А в это время фашист стал буйствовать: мычать во всю глотку, дрыгать ногами, отбиваться ими от разведчиков. На его мычание и возню отреагировали местные собаки. Поднялся лай, ситуация стала непредсказуемой, на шум могли выскочить немцы.  Владимир Алексеевич шёпотом  отдал приказ:
– Бойцы,  быстро возьмите пленного за руки и за ноги и, что есть духу, мчитесь с ним к небольшим болотцам, граничащим с лесом. 
Офицер во время тряски от бега почему-то притих, даже мычать перестал. Наверное, понял, что бесноваться уже поздно.  Добежали до болота, кинули фашиста на землю и решили передохнуть. Вдруг Клим Коваленок, сидевший рядом с языком, потянул носом и презрительно процедил сквозь зубы:
– Братцы, немец-то, по-моему, в штаны наложил, вонь  от него идёт невыносимая. Я его к себе на плечо закидывать не стану, ещё не хватало дерьмом измазаться.
  Следует сказать, когда разведчики переходили болотца, то по очереди тащили языка на плече. При волочении пленный мог захлебнуться болотной жижей, или получить порцию яда от змеи, которых в болотцах было предостаточно.  Главный цыкнул на Клима и негромко сказал:
– Ишь, Ковалёнок, какой ты прыткий стал!  Хочешь, чтобы фриц утонул, а ещё хуже: умер от укуса змеи? Они ранней осенью во всю ползают по болотам, ищут место для спячки, гор то здесь нет. Укусит, и конец добытому языку.
Вот, если бы немчура ужа принял за змею...  Давайте, найдем ужа, засунем фашисту за пазуху. Уколем чем-нибудь и скажем,  что его укусила ядовитая змея. Он тогда сам  жирный зад растрясёт,  вперёд нас помчится, чтобы заполучить вакцину-противоядие.

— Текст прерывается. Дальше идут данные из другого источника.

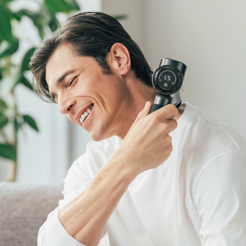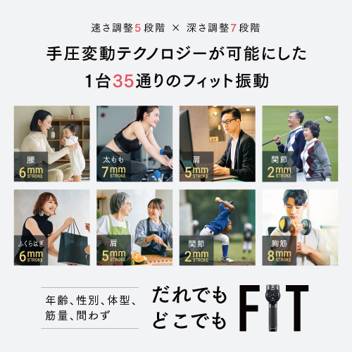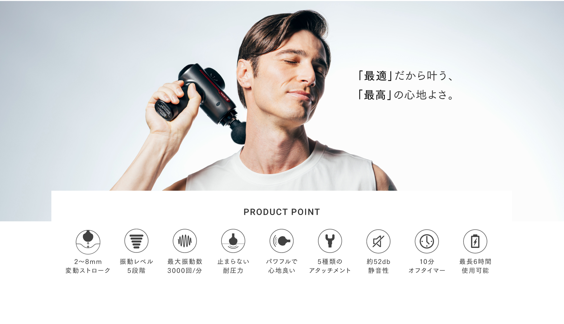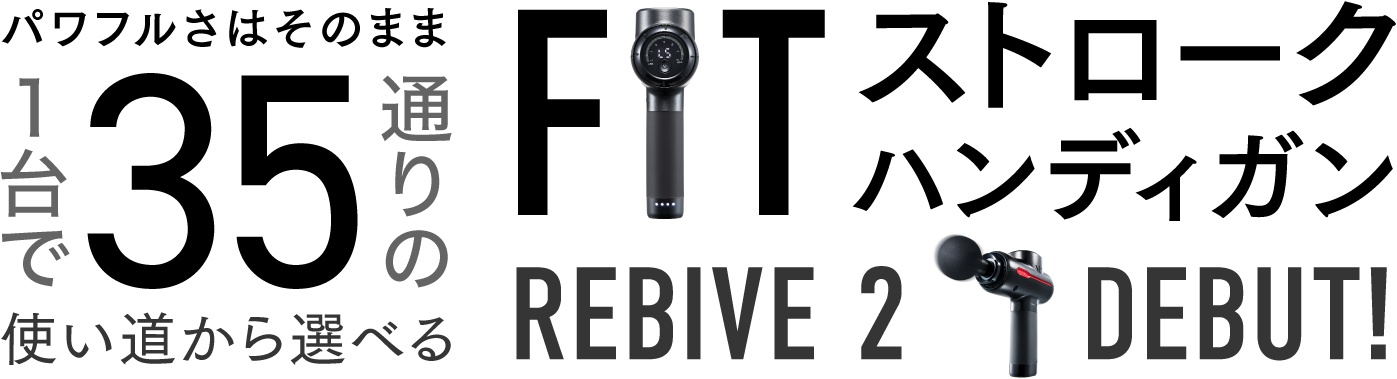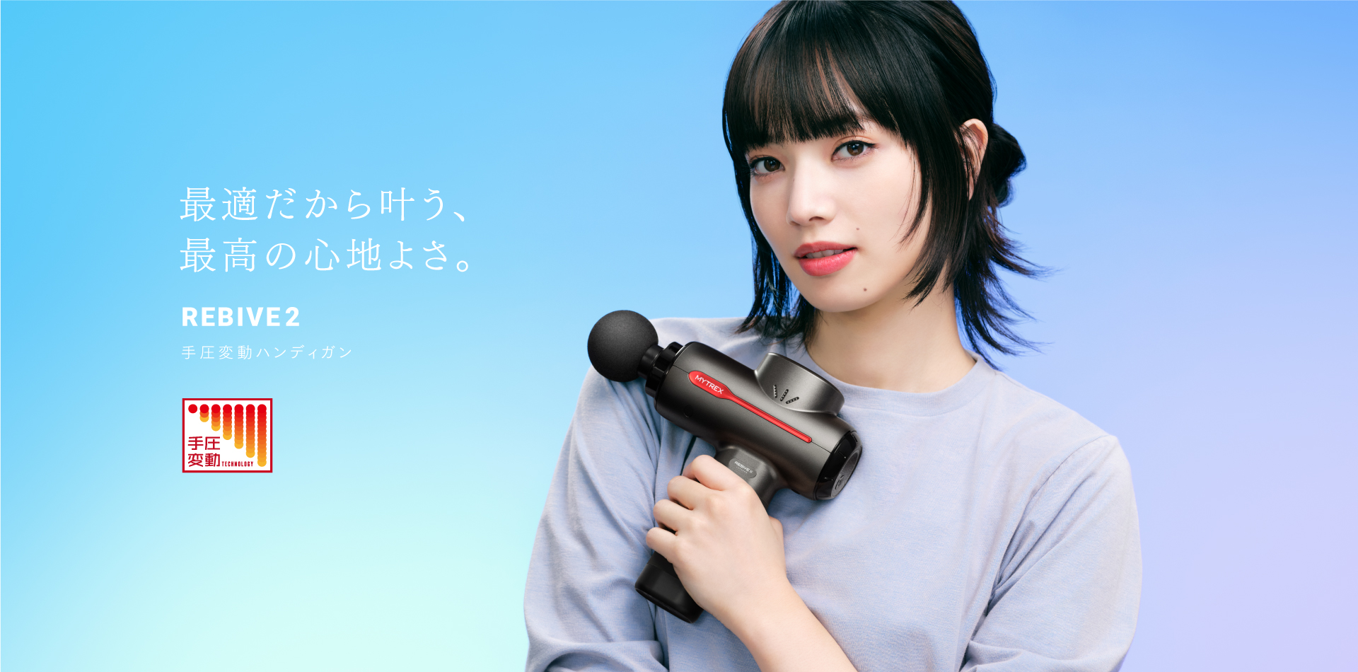 REBIVEシリーズから、深さ(ストローク)と速さ(振動スピード)をコントロールし、首や肩の浅い筋肉から太ももやふくらはぎの深い筋肉まで、的確な振動刺激で心地よいケアが叶う、業界初のハンディガンが誕生。従来のパワフルさはそのままに、だれが使っても、どこに使っても、変わらないフィット感と気持ちよさを。

– Думаю, что вы, товарищ командир, правы. Побежит, как миленький, – согласился с начальством присмиревший Клим. – Видно по его животу с семимесячной беременностью, что этот боров сильно любит жизнь, а особенно пожрать. Где вот только ужа найти? Вместо него и змею схватить можно, цапнет в темноте стерва за палец, сам концы отбросишь.
Выслушав слова командира и Клима, я подумал:" Мысль, пришедшая командиру об уже, действительно, дельная". И тут меня осенило:
– Зачем ужа искать? Когда Горыныч, ставший моим  талисманом-оберегом, всегда со мной. Он и сейчас  находится под рубашкой. Знаю, мой друг точно заставит бежать немца в отряд вприпрыжку.
  Ничего никому не сказал, немного отошел от товарищей в сторону. Незаметно достал чучело, затем вернулся к отдыхающим разведчикам и мычащему немцу. Китель его расстегнулся, шея оголилась, просто замечательная мишень для моего змея.
– Ну держись, фашистский приспешник,  сейчас примешь от нас с Горынычем подарочек,  проверим твою смелость! –  шёпотом произнёс я.
Прикинул план действия, встал сзади немца по правую сторону. Оглянулся по сторонам: увидел, что ни разведчики, ни фриц на меня не смотрят. Резко размахнулся и бросил чучело пленному фашисту на шею.  Затем подёргал за невидимую никому леску, и Горыныч под  её действиями заползал по телу толстяка. Немного поёрзав по жирной шее, провалился ему на грудь.
Голова  змеи касалась тела немца, царапала ему кожу двумя мнимыми острыми зубами до крови. Капризный фриц на мгновение замер...  Затем вскочил на колени,(ноги его были связаны), выпучил глаза и  замычал так, что разбудил уток, отдыхающих в болотной заводи, перед отлетом на юг.  Я быстро подскочил к пленному, пошарил правой рукой по вспотевшим от страха шее и груди и выхватил  Горыныча.  Крепко держа в руках извивающуюся гадюку,  поднёс её к  самому носу немца.
– Змея! Змея! – схватившись в ужасе левой рукой за голову, – воскликнул я!..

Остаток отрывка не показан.